BookmarkSubscribeRSS Feed
dstuder
Obsidian | Level 7

Hi everybody

In order to fill out a questionnaire I need to do some (around 300) queries in our database and extract the number of cases where certain conditions are true. My SAS-Code is created dynamically by a PHP-Script and looks like this (it's actually a loop over all queries):

 

 

/******************************************
Question "Q1"
******************************************/
DATA want (KEEP = var1 var2 var3);
SET myDatabase;
RUN;

PROC SORT NODUPKEY;
BY var1, var2, var3;
RUN;

PROC SQL;
SELECT "Q1" AS question, COUNT(*) AS count FROM want WHERE var1='xy';
QUIT;

/******************************************
Question "Q2"
******************************************/
DATA want (KEEP = var4 var5 var6);
SET myDatabase;
RUN;

PROC SORT NODUPKEY;
BY var4, var5, var6;
RUN;

PROC SQL;
SELECT "Q2" AS question, COUNT(*) AS count FROM want WHERE var4='y';
QUIT;


... and so forth

Now, I need to summarise these results somehow, so that I get a table like this:

Question | Result
---------------------- 
Q1 120
Q2 240
Q3 1

My idea is that at the beginning I create an empty table `results` with two columns (name of the query and result). Then in each code-block (Q1, Q2, ... Qx) I append one line to the results-table (name of the query and the result itself).

 

But how can I do this? How can I save the result of each PROC SQL in an existing table?
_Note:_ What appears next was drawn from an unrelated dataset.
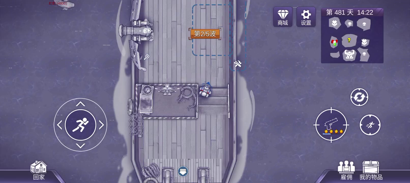 #阿瑞斯病毒2手游 开始下一波的时候,一定要上船的最下面,然后等开始像这样打海蛇,小蛇七枪就够,那个精英蛇的受击面积特别小的看准一些,如果扛不住,可以在脚下丢缓慢回血药剂 不得不说了啊,官方更新,这玩意是真的恶心,对于那些没五星的玩家,真是太有恶意了,特别是那个老精英怪,满血你都扛不住,跟那个加特林一样。

Do you see any better solution?

 

10 REPLIES 10
ed_sas_member
Meteorite | Level 14

Hi @dstuder 

I suggest that you adapt the code as below:

 

/******************************************
Question "Q1"
******************************************/
DATA want (KEEP = var1 var2 var3);
SET myDatabase;
RUN;

PROC SORT NODUPKEY;
BY var1 var2 var3; 	/* <---- REMOVE COMMAS */
RUN;

PROC SQL;
   CREATE TABLE Q1 AS /* <---- ADD THIS */
   SELECT "Q1" AS question, COUNT(*) AS count FROM want WHERE var1='xy';
QUIT;

/****************************************** 
Question "Q2" 
******************************************/ 
DATA want (KEEP = var4 var5 var6); 
SET myDatabase;
RUN;

PROC SORT NODUPKEY;
BY var4 var5 var6; /* <---- REMOVE COMMAS */
RUN;

PROC SQL;
	CREATE TABLE Q2 AS /* <---- ADD THIS */
	SELECT "Q2" AS question, COUNT(*) AS count FROM want WHERE var4='y';
QUIT;

/**
	....
**/

/* APPEND */

DATA FINAL;
	LENGTH question $ 100;
	SET Q:;
	RENAME count = result;
RUN;

Best,

dstuder
Obsidian | Level 7

Sorry for the bad code. It was more of a pseudo-code in order to show the problem and I didn't actually run it.

 

DATA FINAL;
	LENGTH question $ 100;
	SET Q:;
	RENAME count = result;
RUN;

So does this code actually summarize all the tables Q1, Q2, ... Q300 (created by PROC SQL) and put the table names and number of cases in a table `final`? I am also asking myself whether it wouldn't be better to overwrite a single table "Q" for each question instead of creating hundreds of tables called Q1, Q2 etc.?

ed_sas_member
Meteorite | Level 14

Hi @dstuder 

The CREATE TABLE xx AS statement just before the SELECT clause in PROC SQL put the results of the query in a dataset xx.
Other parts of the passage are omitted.